-- Provided material --
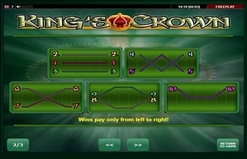 With 10 paylines, Kings Crown provides a structured approach to winning combinations. This means players win when they align symbols along these fixed lines, leading to a somewhat controlled variance in winning outcomes. Since there are only 10 paylines, the frequency of wins may be lower than those seen in slots with higher payline counts, but each win could potentially be more impactful.
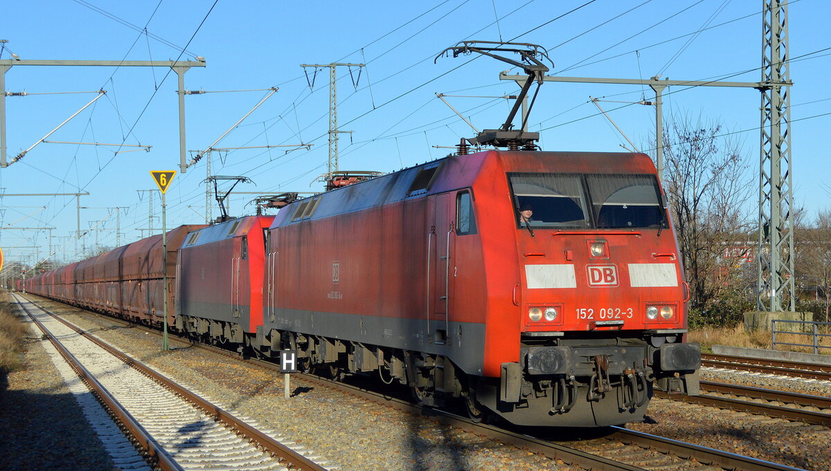 DB Cargo AG [D] mit der Doppeltraktion "152 092-3" [NVR-Nummer: 91 80 6152 092-3 D-DB] + "152 167-3" [NVR-Nummer: 91 80 6152 167-3 D-DB] und dem Erzzug aus Hamburg Richtung Ziltendorf/Eko am 06.01.22 Bf. Golm.
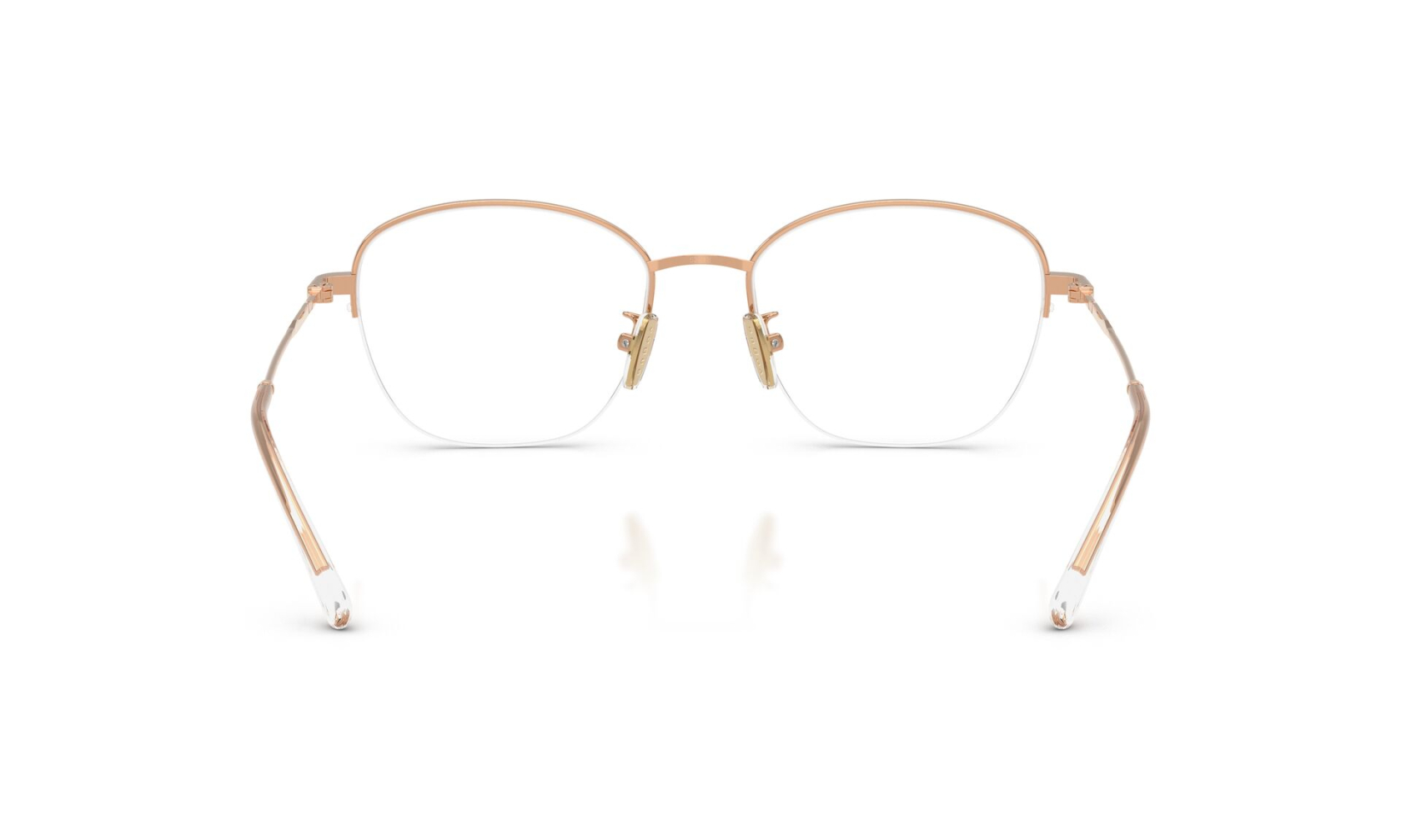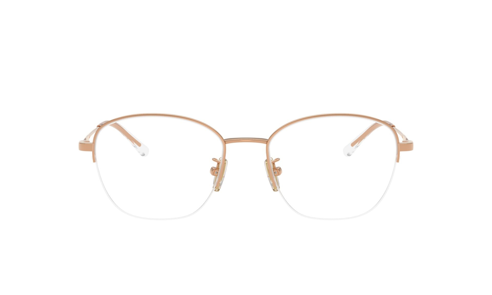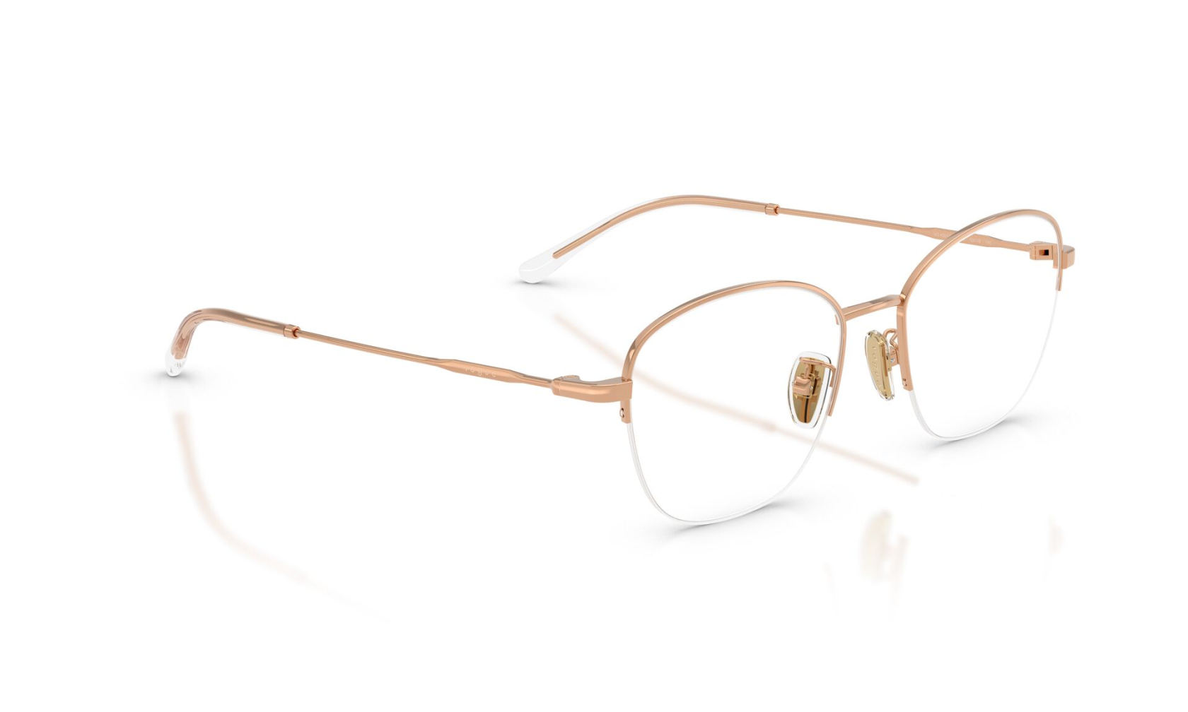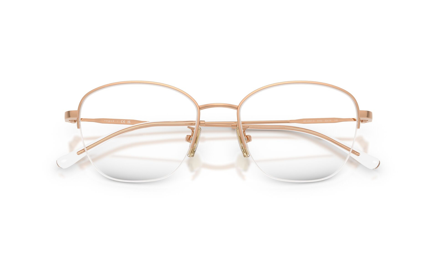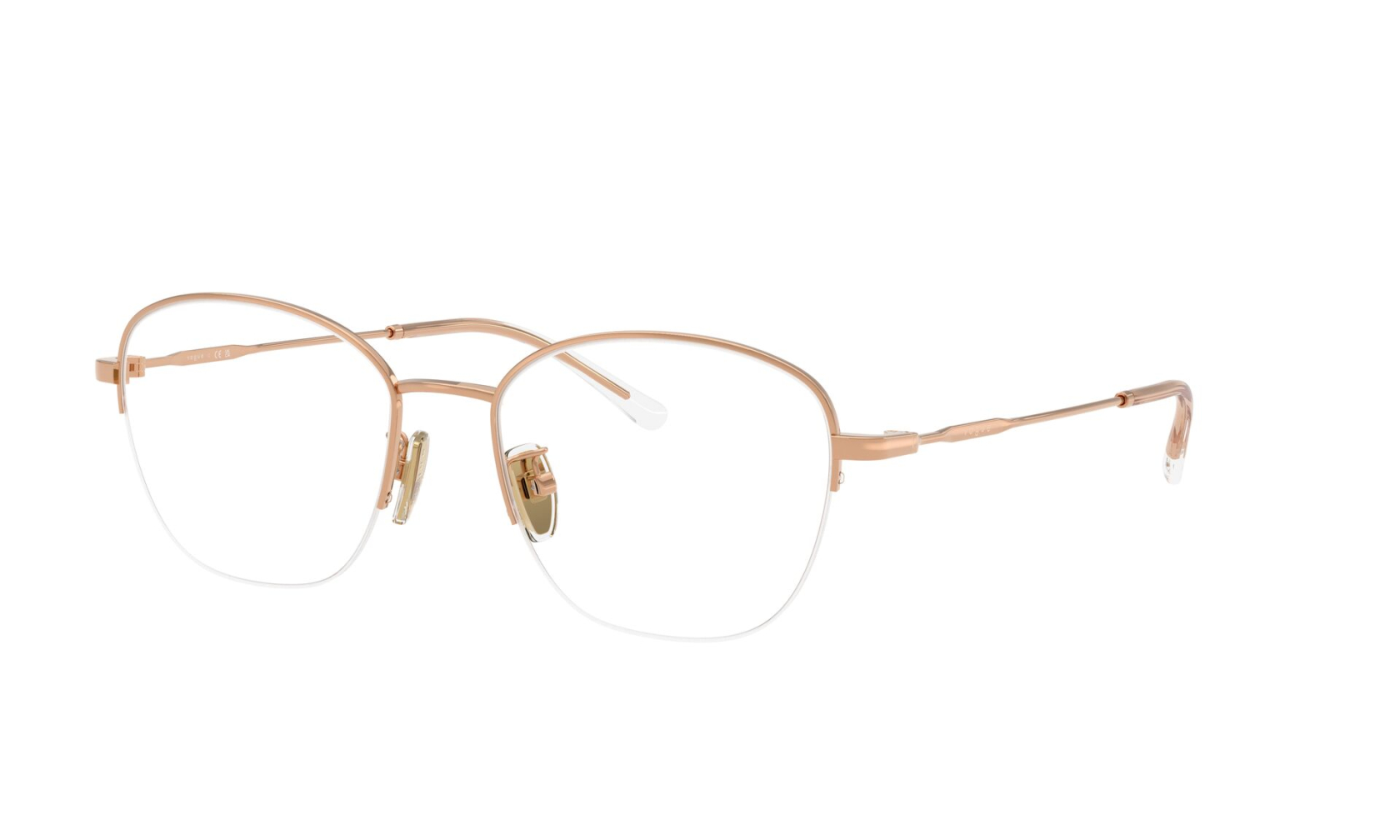 Minimalistyczna oprawka okularowa VOGUE 4357D c.5152/53 o finezyjnej konstrukcji półramki. Eleganckie i biżuteryjne okulary damskie w kolorze różowego złota.

-- Work request --
Write out the lines of the listing from the one that holds "DB Cargo AG" to the very last line, both included, exactly as they appear and without any pictures.

-- Expected answer --
 DB Cargo AG [D] mit der Doppeltraktion "152 092-3" [NVR-Nummer: 91 80 6152 092-3 D-DB] + "152 167-3" [NVR-Nummer: 91 80 6152 167-3 D-DB] und dem Erzzug aus Hamburg Richtung Ziltendorf/Eko am 06.01.22 Bf. Golm.
 Minimalistyczna oprawka okularowa VOGUE 4357D c.5152/53 o finezyjnej konstrukcji półramki. Eleganckie i biżuteryjne okulary damskie w kolorze różowego złota.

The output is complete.